Archives



Development update, cookbooks and winning Ringo

Posted on September 3, 2015 by Sonoma Valley Sun

As far as the big Sonoma development projects go, the ones we’ve been hearing about for years, i.e. the Anderson Hotel and Broadway/MacArthur, there aren’t any major developments to report. The hotel proposed for the 100 block of West Napa Street has been scaled down since its debut as Chateau Sonoma; the team is now preparing the requisite Environmental Impact Report. When complete in several months, it goes to the Planning Commission for certification. The city plans to combine that public hearing and decision with a vote to approve the project as a whole… Across the street, at 160-ish West Napa, sit the empty structures that once housed the Three House Media empire. The campus is now owned by Michael Marino, who, about 18 months ago, received Planning Commission approval to convert the buildings into vacation rentals. But there’s been no official movement (building permits, etc.) on the project as yet. (The landscape will change, in more ways than one, when the hotel gets underway) … Now we move to Mission Square, a mix of office space and apartments just east of the Plaza with an entrance near the Blue Wing Inn. After 14 years of grand plans, mostly contested and rejected, the project got the full green light in February of 2014. Water-related issues , though, have stalled construction… The juiciest morsel comes from the old Broadway Truck and Auto site, where, after two rounds of plans involving a mix of residential, hotel, retail and a gourmet marketplace, the project team has been dismissed. It’s back to square one, a square now home to a crappy old building and a big patch of cracked cement.
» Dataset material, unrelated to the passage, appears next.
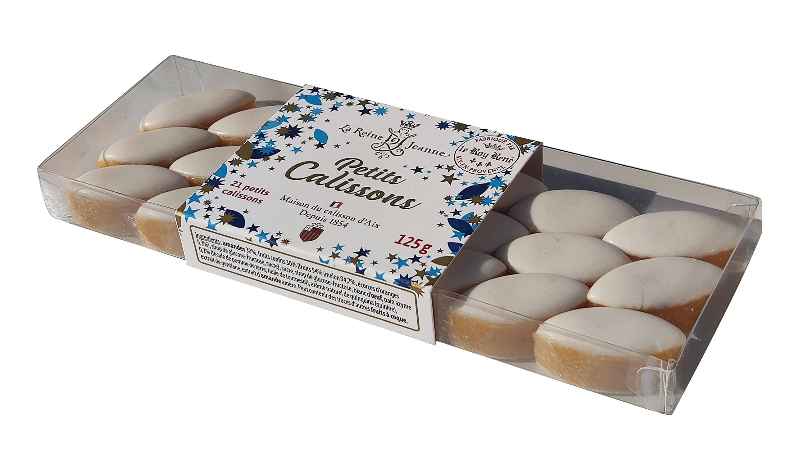 Calissons are available in a small size, perfect for any occasion. The small size is ideal for enjoying with tea or coffee during a relaxing break. Listed as part of the Living Heritage of the city of Aix-en-Provence, the history of the calisson dates back to the time of King René in the 15th century. Legend has it that the King's confectioner created this treat to delight Queen Jeanne on her wedding day. She named these delicacies "di calin soun" (meaning "they are hugs" in Provençal). INGREDIENTS Almonds 30 , candied fruit 30 [fruit 54 (melon 94.7 , orange peel 5.3 ), glucose-fructose syrup, sugar], sugar, glucose-fructose syrup, egg white, unleavened bread 0.2 (potato starch, sunflower oil), natural cinchona (quinine) flavoring, gentian extract, bitter almond extract. May contain traces of other nuts. Origins: Almonds (Spain), Melon [Provence (France)]. SAFETY WARNING Contains almonds, egg, and may contain traces of other nuts. See moreLe Roy René - Petits Calissons d'Aix en Provence La Reine Jeanne - Boîte réglette de 125g.DESCRIPTION DU PRODUIT DESCRIPTION DU PRODUIT Le Calisson se décline en petit format, et s'adapte aux différentes envies, le petit est idéal pour accompagner les pauses détente, thé ou café. Inscrit au Patrimoine vivant de la ville d'Aix-en-Provence, l'histoire du calisson remonte à l'époque du Roy René au XVe siècle. La légende raconte que le confiseur du Roy a réalisé cette friandise pour émerveiller la Reine Jeanne le jour de son mariage. Elle nomma ces délices "di calin soun" (ce sont des câlins en provençal). INGRÉDIENTS Amandes 30 , fruits confits 30 [fruits 54 (melon 94,7 , écorces d'oranges 5,3 ), sirop de glucose-fructose, sucre], sucre, sirop de glucose-fructose, blanc d'oeuf, pain azyme 0,2 (fécule de pomme de terre, huile de tournesol), arôme naturel de quinquina (quinine), extrait de gentiane, extrait d'amande amère. Peur contenir des traces d'autres fruits à coque. Origines : Amandes (Espagne), Melon [Provence (France)]. AVERTISSEMENT DE SÉCURITÉ Contient des amandes, de l'oeuf et peut contenir des traces d'autres fruits à coque. Voir plus

Back to 122 W. Napa St., where Seana Davis will host a cookbook exchange at Epicurean Connection on Wednesday, September 16, from 3 to 6 p.m. Leftovers (so to speak) go to the library… For all the Martha, Emeril and Rachel fluff, it’s still all about Julia, James and Jacque. Best secret go-to: Silver Palate… “I’d use more Williams-Sonoma cookbooks,” cracks one wisenheimer, “but I can’t afford the imported bookmark.”

The Sonoma County property tax assessment roll has hit an all-time high, improving 6.9 percent over the year to hit $76.6 billion. A big chunk came from restoring full tax rates on properties that had received a break during the recession. At the height (depth?) of the crisis, more than 62,000 property values, about half of the residential properties in Sonoma County, were temporarily reduced. Now only 21k get that requested break. That’s what happens when you re-build the bubble.

Sonoma Overnight Support, the nonprofit that helps the Sonoma homeless, is staging a drawing to win a pair of Sonoma Music festival tickets. As the three shows (October 2, Chicago and America; October 3, Ringo Starr; and October 4, Doobie Brothers with Michael McDonald, Greg Allman) are likely sell-outs, this might me your one shot to get in. How? Buy a $100 ticket at Sonomaovernightsupport.org. A little help from their friends is all they ask.